Bankers, Funds Try To Cope With Demand For Farms

Bankers and fund managers are scrambling to build up rural expertise in response to rocketing investor demand to buy entire farms as an inflation hedge.

Investment funds worldwide have put an estimated $15 billion to $20 billion in agriculture globally, and interest is also growing from ultra-rich investors and pension funds, which see farmland as tangible, strategic assets.

But Rich Gammill, managing director of the Cargill unit Black River Asset Management, which manages $6 billion including in food and agriculture, said farmland investments can be tricky.

“It seems simple, but agriculture is anything but. There is a global supply chain and lots of regulation, a lot of risks and factors that I think the traditional finance people on Wall Street do not have their heads wrapped around,” he said.

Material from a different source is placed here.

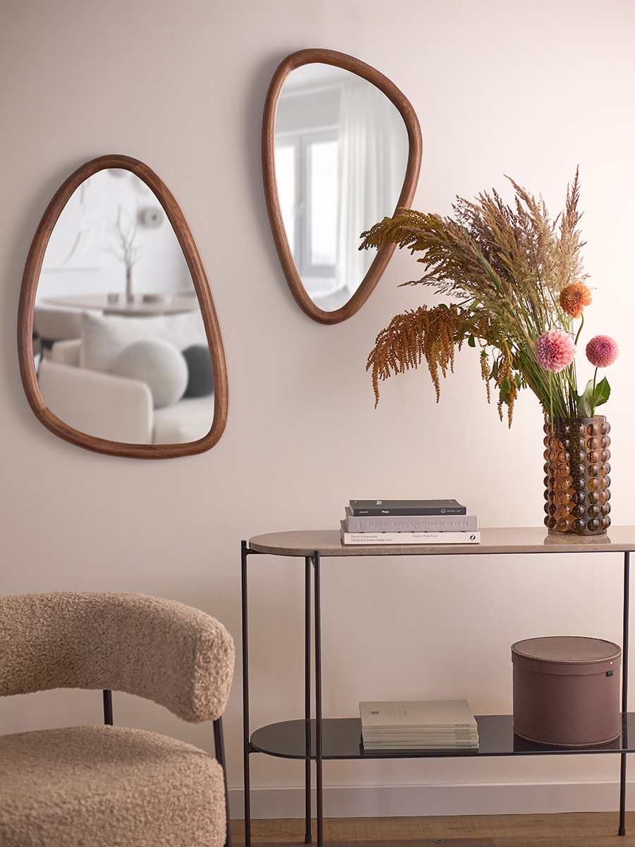 Зеркало настенное Torhill с рамой из древесины манго – прекрасный способ оживить пространство, а также добавить в интерьер ощущение гармонии и природной элегантности.

Many investors also want international holdings, requiring their advisers to navigate different tax and regulatory systems, as well as rules on foreign land ownership.

“There aren’t many Goldman Sachs bankers walking around rural China looking for dairy farms,” Gammill said.

In the United States, the $1.2-trillion farming sector remains less than one per cent institutionally owned, mainly because many investors don’t know how to get started, said Mary McNairy, a partner at International Farming Corp., an alternative investment firm.

“It is huge. The question is, how do you get into it, how do you access the market?” she said.